Photo of Peter BearmanISERP and Columbia wrap up another fiscal year. On the financial front, ISERP is healthy. While we have been self-sufficient for a few years, we are now able to invest more heavily in a wide range of activities beyond our immediate doors. In this regard, ISERP will be making major contributions over the next few years to the large effort by a diverse group of interdisciplinary social scientists to build a population center at Columbia jointly housed between Arts and Sciences, the School of Social Work, and the Mailman School of Public Health. Likewise, ISERP will be making major contributions to the community of scholars associated with the Institute for Research on Women and Gender (IRWAG) as they take the next steps towards establishing an interdisciplinary center on race, class, and gender in global context. Finally, ISERP is in the early stages of developing a long-term collaboration with scholars at the Law School and the Graduate School of Arts and Sciences (GSAS) for research on institutions, institutional reform, and inequality.

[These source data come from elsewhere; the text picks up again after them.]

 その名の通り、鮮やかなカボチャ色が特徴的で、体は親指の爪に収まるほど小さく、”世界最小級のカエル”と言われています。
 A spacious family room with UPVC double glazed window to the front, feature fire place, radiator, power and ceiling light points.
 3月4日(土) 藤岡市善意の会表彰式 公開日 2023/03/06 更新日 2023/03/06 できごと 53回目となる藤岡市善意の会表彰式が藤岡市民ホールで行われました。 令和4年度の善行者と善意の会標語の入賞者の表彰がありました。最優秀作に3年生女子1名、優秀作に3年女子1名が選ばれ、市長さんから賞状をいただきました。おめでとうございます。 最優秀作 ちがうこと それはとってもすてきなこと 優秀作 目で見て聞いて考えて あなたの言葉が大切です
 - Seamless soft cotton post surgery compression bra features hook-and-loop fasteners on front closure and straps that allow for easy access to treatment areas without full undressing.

Most of these collaborations are structured as we have structured previous initiatives; ISERP provides seed money for faculty from diverse fields to work collaboratively on projects of mutual interest. For example, ISERP will devote additional seed money next year to projects related to population studies and to research on institutions and inequality. More information about these opportunities should be available at the start of the next semester.

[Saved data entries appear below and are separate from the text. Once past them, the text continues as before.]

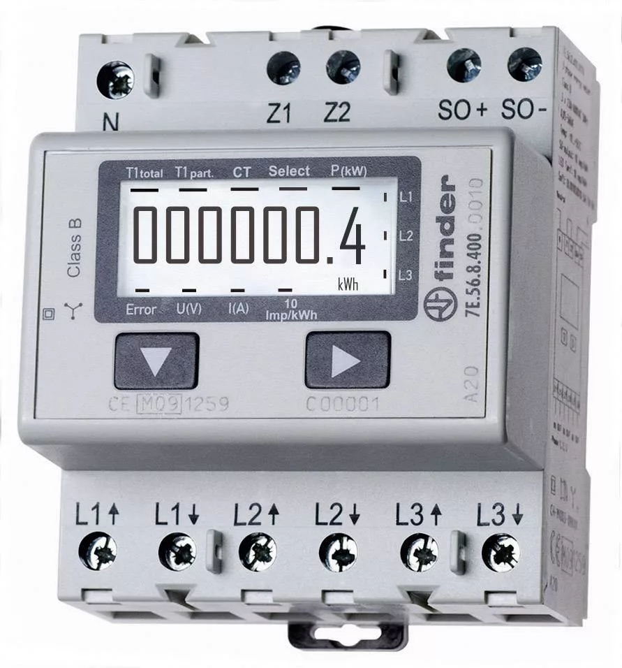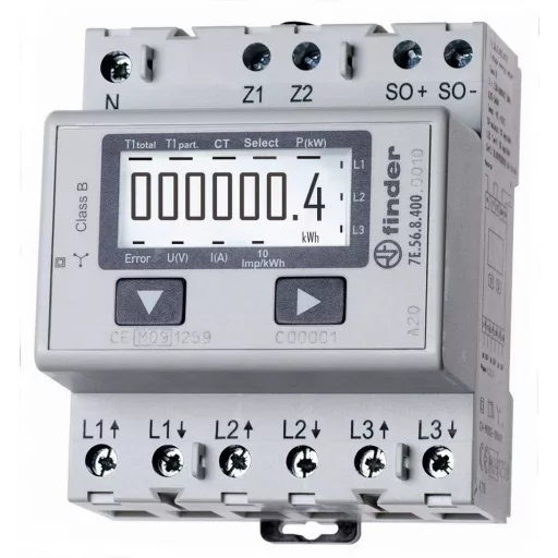 Digitális hatásos energia mérő indirekt csatlakozáshoz áramátalakítón át. Az átalakítási tényező 14 fokozatban állítható. A készülék megfelel az EN 62053-21 és EN 50470-3-nak, és engedélyezve van energiaköltség számlálásra az európai MID eng. szerint.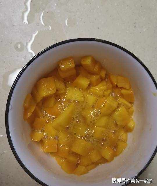 2.芒果去皮切丁,加入少量雞蛋,攪拌均勻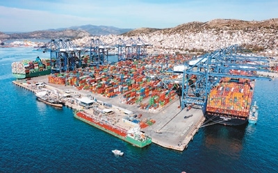 2022年2月19日拍攝的希臘比雷埃夫斯港集裝箱3號(hào)碼頭。作為共建“一帶一路”倡議的典范項(xiàng)目,希臘比雷埃夫斯港年貨物吞吐量達(dá)500萬(wàn)標(biāo)箱以上。新華社發(fā)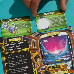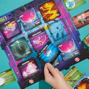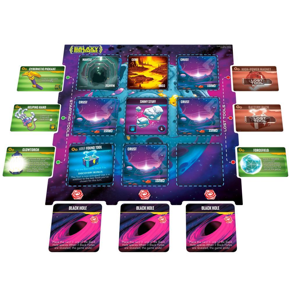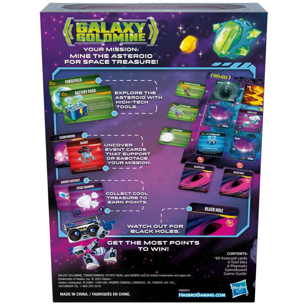 Your mission: mine the asteroid for awesome space treasure! This Galaxy Goldmine game is the out-of-this-world family card game that requires strategic thinking, memory, and a bit of luck. Players take turns exploring the asteroid’s 3 layers of cards, full of surprises waiting to be revealed. Players choose from their Tool cards, each featuring a high-tech gadget with a unique capability, to uncover and collect cool space treasure worth points. Players might even find a rare Holomap Fragment leading to the greatest treasure this side of the Milky Way. But watch out for Event cards with pitfalls, aliens, and bandits! When the table draws 3 Black Hole cards, the game ends and the player with the most points wins! Or collect all 3 Holomap Fragment cards to instantly win! Humorously illustrated, this light strategy card game delivers intergalactic fun. And with an eye-catching package and built-in storage, it makes a great travel card game for families or fun gift for kids ages 10+. Galaxy Goldmine, Transformers, Potato Head, and and all related terms are trademarks of .

ISERP continues to be very interested in working with and supporting scholars whose interests focus on global health, broadly construed. The joint Social Work-ISERP supported Global Health Research Center in Central Asia provides one locale for research opportunities related to such diverse issues as environmental health, HIV, IV drug use, migration, and the status of immigrants and women.

The first class of Mellon Interdisciplinary Fellows has been selected for 2007-08. The program precipitated an unusual flood of applications, more than double last year. Eighteen new fellows, nine from the humanities and nine from the social sciences, were selected. As part of the program, ISERP will be offering new short courses. In addition to bread and butter short courses on such topics as social networks, spatial analysis, and case selection, we also anticipate offering under the Mellon program new courses in topics such as photo-elicitation techniques and the analysis of narrative. Suggestions for short courses relevant for integrating the humanities and the social sciences are welcome.

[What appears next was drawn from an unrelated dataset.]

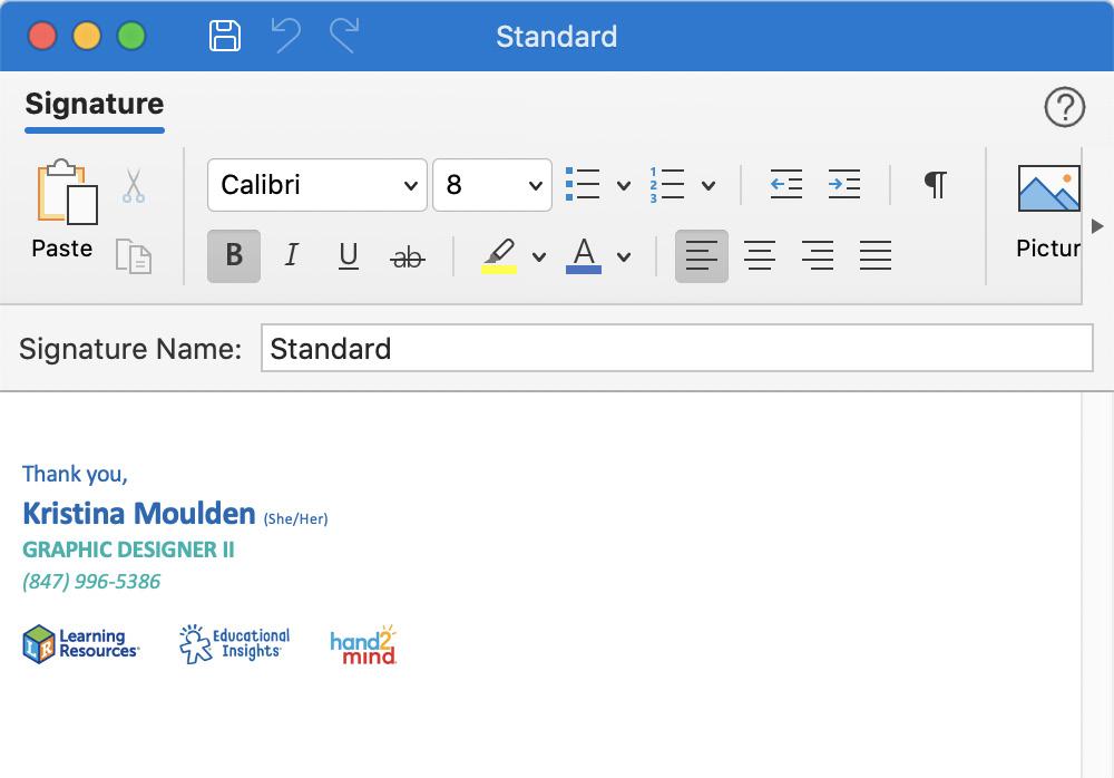 Paste the copied signature template and edit each of the fields (Name, pronouns, title, Ring Central phone number).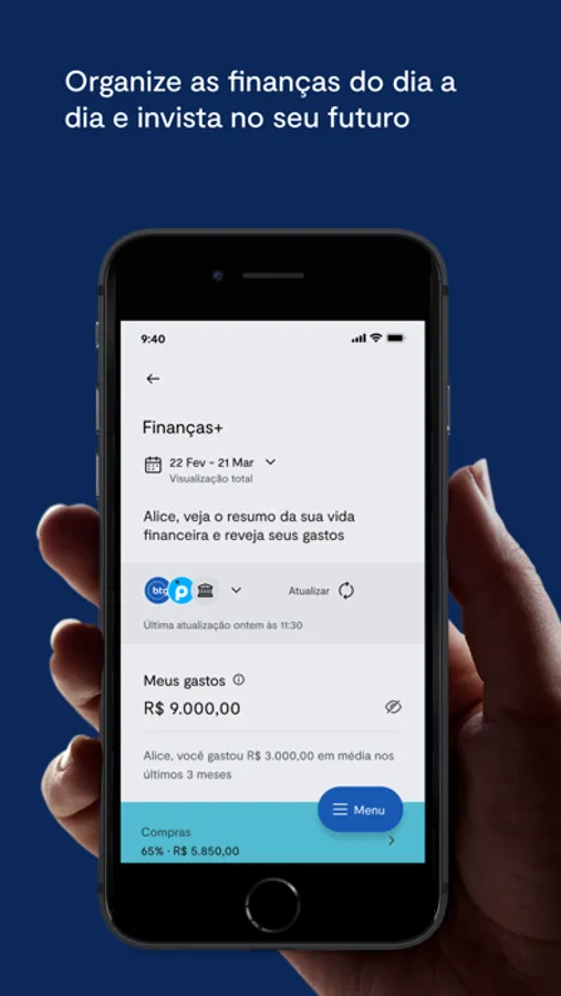 O Finanças+ oferece funcionalidades que permitem que você centralize a gestão das suas finanças. Você pode consultar um resumo com todas as movimentações da sua conta e cartão de crédito, visualizar seus gastos classificados em categorias e muito mais. Assim, é possível gastar melhor e investir mais, de acordo com os seus objetivos.

Over the next year, we also expect to mount a remarkable number of short courses across our other programs, such as the RWJ Health & Society Scholars Program and the Quantitative Methods in the Social Sciences program. These courses, as always, are free for faculty, researchers, and graduate students across the University. They fill up quickly.

There have been some transitions. Leah Lubin, who was one of the first ISERP employees, has stepped down as Assistant Director. Earlier in her career at ISERP, Leah managed the QMSS program. One of her last major areas of responsibility was to help develop and organize the effort behind the ISERP-Oral History Office Oral History MA program that we anticipate initiating in the fall of 2008. This program, arising out of a series of collaborations between ISERP and the Oral History office, has now been approved by the GSAS and is awaiting senate approval before certification in Albany. We anticipate having roughly 10 students in the program during the first year. ISERP prospered with Leah as part of our community, and we will miss her greatly.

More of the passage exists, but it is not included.